What is needed is an exact transcription of every entry below, with the pictures left out.

━━━━━ Provided records ━━━━━

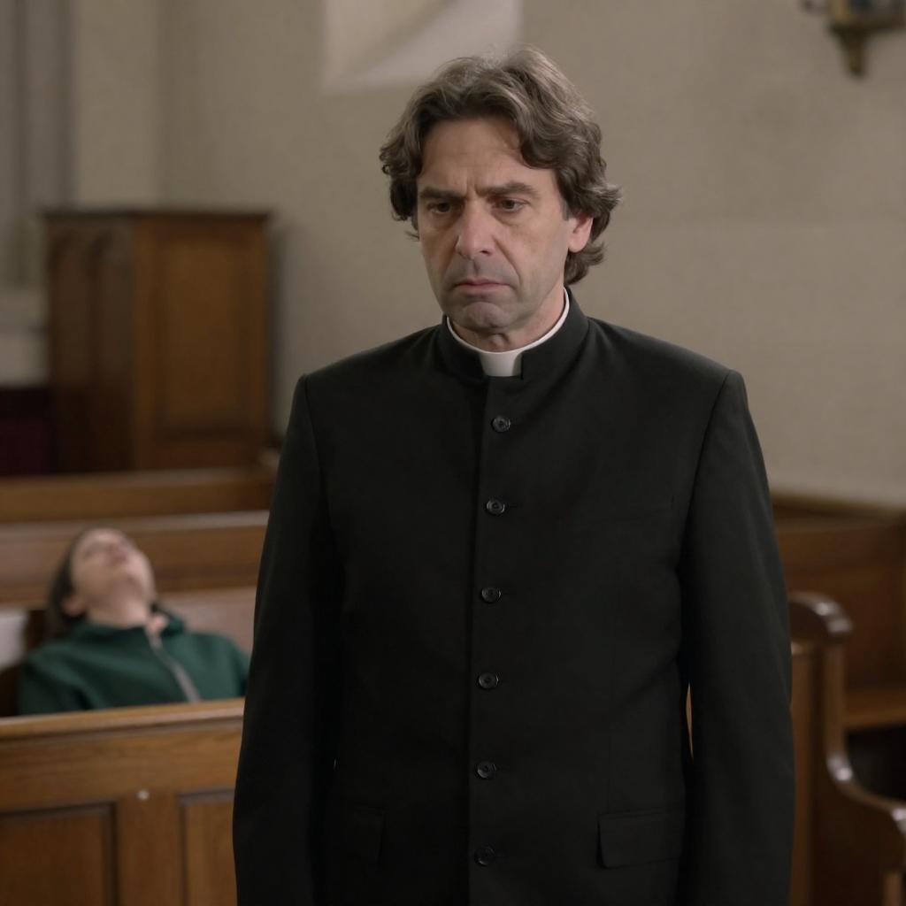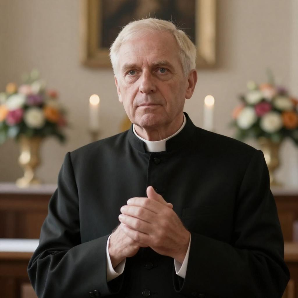Photograph of an elderly white man with short blonde hair, wearing a black clerical robe and white clerical collar, holding his hands together in front of his chest. Background has blurred floral arrangements and candlelit church decor. Sunlight filters through, illuminating the scene. The man has a neutral, slightly serious facial expression.
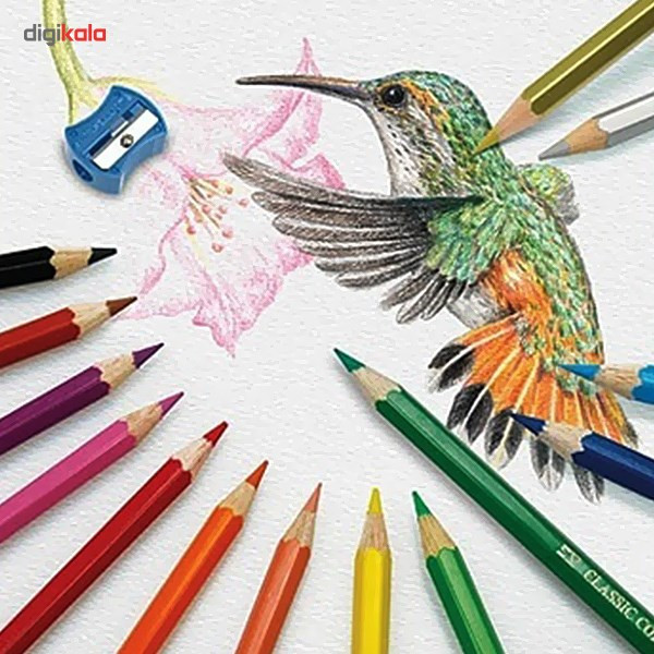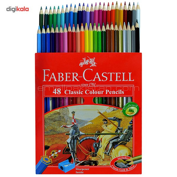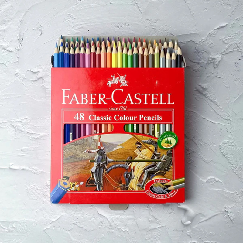 یکی از مداد رنگیهای مشهور در دنیا، مداد رنگی کلاسیک فابر کاستل است. بدنهی این مداد رنگی به کلاسیکترین شکل ممکن مداد – یعنی ششضلعی- طراحی و از جنس چوب ساخته شده است. این بدنهی شش ضلعی به مداد شکل ارگونومیکی داده است که در استفادهی طولانی مدت دست را خسته نمیکند و به آن آسیبی نمیزند. شش ضلعی بودن بدنه از لیز خوردن مداد در دست یا روی میز هم جلوگیری میکند.نوک این مدادها در برابر فشار بسیار مقاوم است و نمیشکند. بهعلاوه تمامی رنگهای موجود در این بسته48 عددی درخشان و شفاف هستند. این رنگها را میتواند به سرعت و به آسانی با هم ترکیب کرد.مزیت مهم این مداد رنگیها، دوام رنگشان است. با این ویژگی شما میتوانید نقاشیهای کودک خود را برای سالهای طولانی نگه دارید. مداد رنگی کلاسیک فابر کاستل کاملاً غیر سمی است و شما دیگر نگران مسموم شدن کودکتان در صورت تماس مداد رنگی با دهان یا چشم او نخواهید بود.در بستهبندی مقوایی این مداد رنگی یک تراش نیز به عنوان هدیه قرار داده شده است.
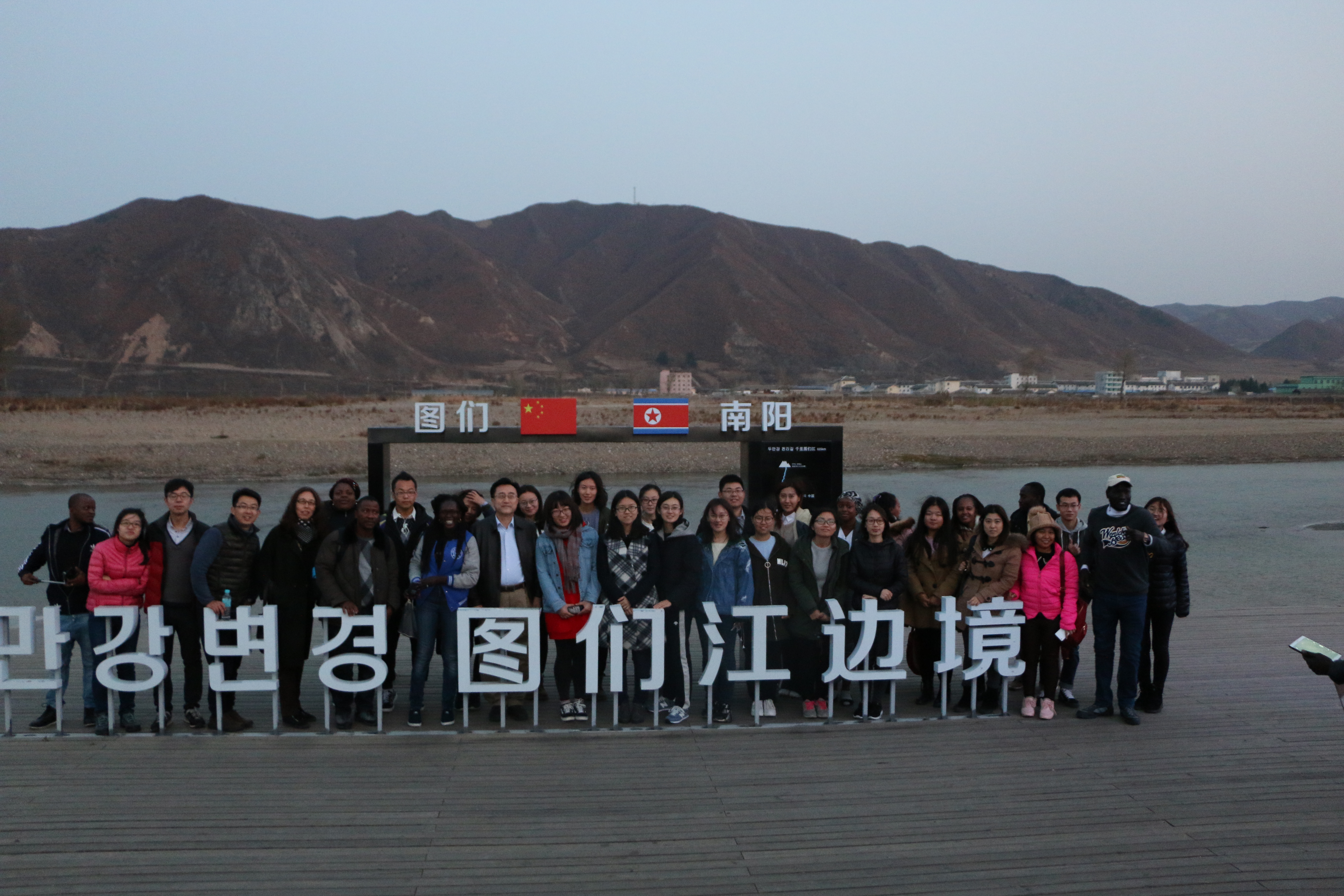 师生来到图们市,考察了中朝界河图们江,远望江对面的朝鲜南阳市。
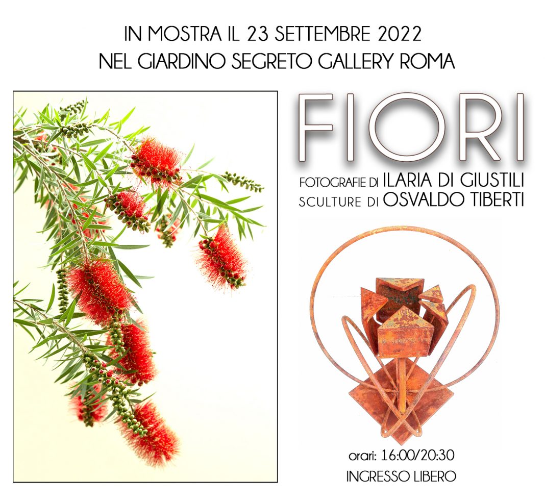 Al Giardino Segreto Gallery apre Fiori, mostra di fotografia e scultura di Ilaria Di Giustili e Osvaldo Tiberti. Le sculture in ferro di Osvaldo Tiberti dialogano con le fotografie floreali di Ilaria Di Giustili: due diversi linguaggi per affrontare in modo innovativo un tema tra i più praticati della storia dell'arte. Ilaria Di Giustili ha ideato una tecnica particolare per fotografare i fiori, con una stampa luminosa e rarefatta che li rende simili a ideogrammi giapponesi. Osvaldo Tiberti, scultore, pittore e orafo, amante della solidità e verità dei materiali, propone invece dei fiori stilizzati in ferro dalle sfaccettature geometriche, quasi dei gioielli in scala gigante la cui materia povera contrasta con la preziosità delle forme. L'allestimento nel giardino - tale è il Giardino Segreto Gallery - mette le opere in dialogo con la natura vera e viva, creando un gioco di rimandi che affonda le sue radici nella tradizione tardo rinascimentale.
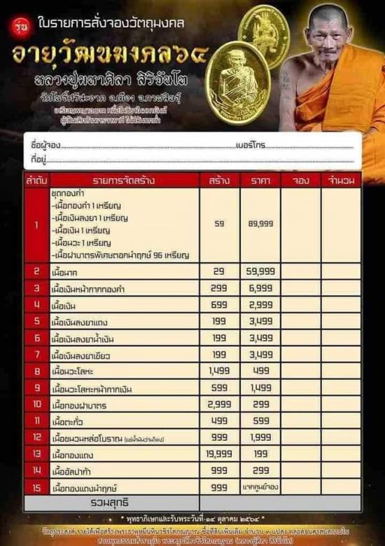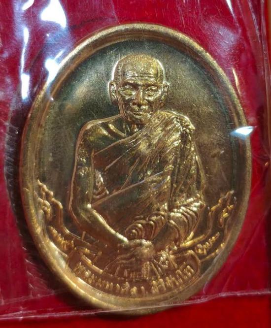พระเครื่องหลวงปู่ศิลา สิริจันโท เหรียญรุ่นอายุวัฒนมงคล 77 เนื้อทองฝาบาตร ชุดทองคำ
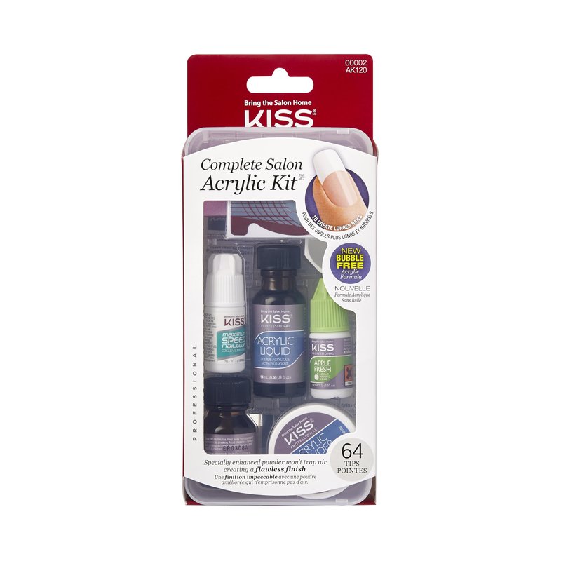 KISS Complete Salon Acrylic Fake Nails Manicure Kit, Acrylic Liquid, Acrylic Primer, Acrylic Powder Clear, Maximum Speed Nail Glue, Masking Formula, & 64 Long Length Bubble Free Acrylic Nails
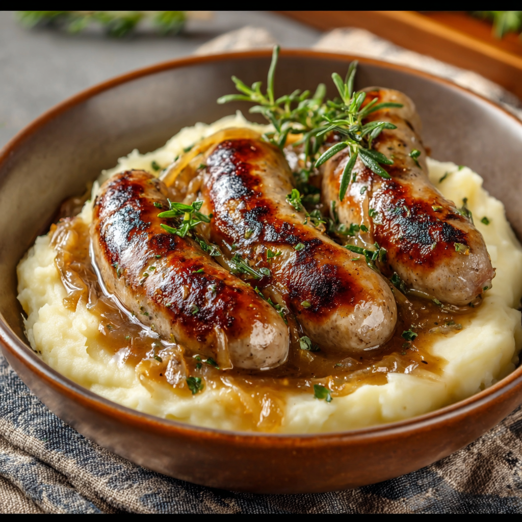 Il existe des plats qui dépassent la simple notion de nourriture. Ce sont des plats qui réconfortent, qui rappellent l’enfance, les repas du dimanche, les cuisines chaudes où l’odeur des oignons fondus se mêle à celle des pommes de terre. Saucisses, purée et sauce aux oignons caramélisés fait partie de ces recettes intemporelles, profondément ancrées dans les traditions culinaires populaires.

━━━━━

Output for this exercise –
Photograph of an elderly white man with short blonde hair, wearing a black clerical robe and white clerical collar, holding his hands together in front of his chest. Background has blurred floral arrangements and candlelit church decor. Sunlight filters through, illuminating the scene. The man has a neutral, slightly serious facial expression.
 یکی از مداد رنگیهای مشهور در دنیا، مداد رنگی کلاسیک فابر کاستل است. بدنهی این مداد رنگی به کلاسیکترین شکل ممکن مداد – یعنی ششضلعی- طراحی و از جنس چوب ساخته شده است. این بدنهی شش ضلعی به مداد شکل ارگونومیکی داده است که در استفادهی طولانی مدت دست را خسته نمیکند و به آن آسیبی نمیزند. شش ضلعی بودن بدنه از لیز خوردن مداد در دست یا روی میز هم جلوگیری میکند.نوک این مدادها در برابر فشار بسیار مقاوم است و نمیشکند. بهعلاوه تمامی رنگهای موجود در این بسته48 عددی درخشان و شفاف هستند. این رنگها را میتواند به سرعت و به آسانی با هم ترکیب کرد.مزیت مهم این مداد رنگیها، دوام رنگشان است. با این ویژگی شما میتوانید نقاشیهای کودک خود را برای سالهای طولانی نگه دارید. مداد رنگی کلاسیک فابر کاستل کاملاً غیر سمی است و شما دیگر نگران مسموم شدن کودکتان در صورت تماس مداد رنگی با دهان یا چشم او نخواهید بود.در بستهبندی مقوایی این مداد رنگی یک تراش نیز به عنوان هدیه قرار داده شده است.
 师生来到图们市,考察了中朝界河图们江,远望江对面的朝鲜南阳市。
 Al Giardino Segreto Gallery apre Fiori, mostra di fotografia e scultura di Ilaria Di Giustili e Osvaldo Tiberti. Le sculture in ferro di Osvaldo Tiberti dialogano con le fotografie floreali di Ilaria Di Giustili: due diversi linguaggi per affrontare in modo innovativo un tema tra i più praticati della storia dell'arte. Ilaria Di Giustili ha ideato una tecnica particolare per fotografare i fiori, con una stampa luminosa e rarefatta che li rende simili a ideogrammi giapponesi. Osvaldo Tiberti, scultore, pittore e orafo, amante della solidità e verità dei materiali, propone invece dei fiori stilizzati in ferro dalle sfaccettature geometriche, quasi dei gioielli in scala gigante la cui materia povera contrasta con la preziosità delle forme. L'allestimento nel giardino - tale è il Giardino Segreto Gallery - mette le opere in dialogo con la natura vera e viva, creando un gioco di rimandi che affonda le sue radici nella tradizione tardo rinascimentale.
พระเครื่องหลวงปู่ศิลา สิริจันโท เหรียญรุ่นอายุวัฒนมงคล 77 เนื้อทองฝาบาตร ชุดทองคำ
 KISS Complete Salon Acrylic Fake Nails Manicure Kit, Acrylic Liquid, Acrylic Primer, Acrylic Powder Clear, Maximum Speed Nail Glue, Masking Formula, & 64 Long Length Bubble Free Acrylic Nails
 Il existe des plats qui dépassent la simple notion de nourriture. Ce sont des plats qui réconfortent, qui rappellent l’enfance, les repas du dimanche, les cuisines chaudes où l’odeur des oignons fondus se mêle à celle des pommes de terre. Saucisses, purée et sauce aux oignons caramélisés fait partie de ces recettes intemporelles, profondément ancrées dans les traditions culinaires populaires.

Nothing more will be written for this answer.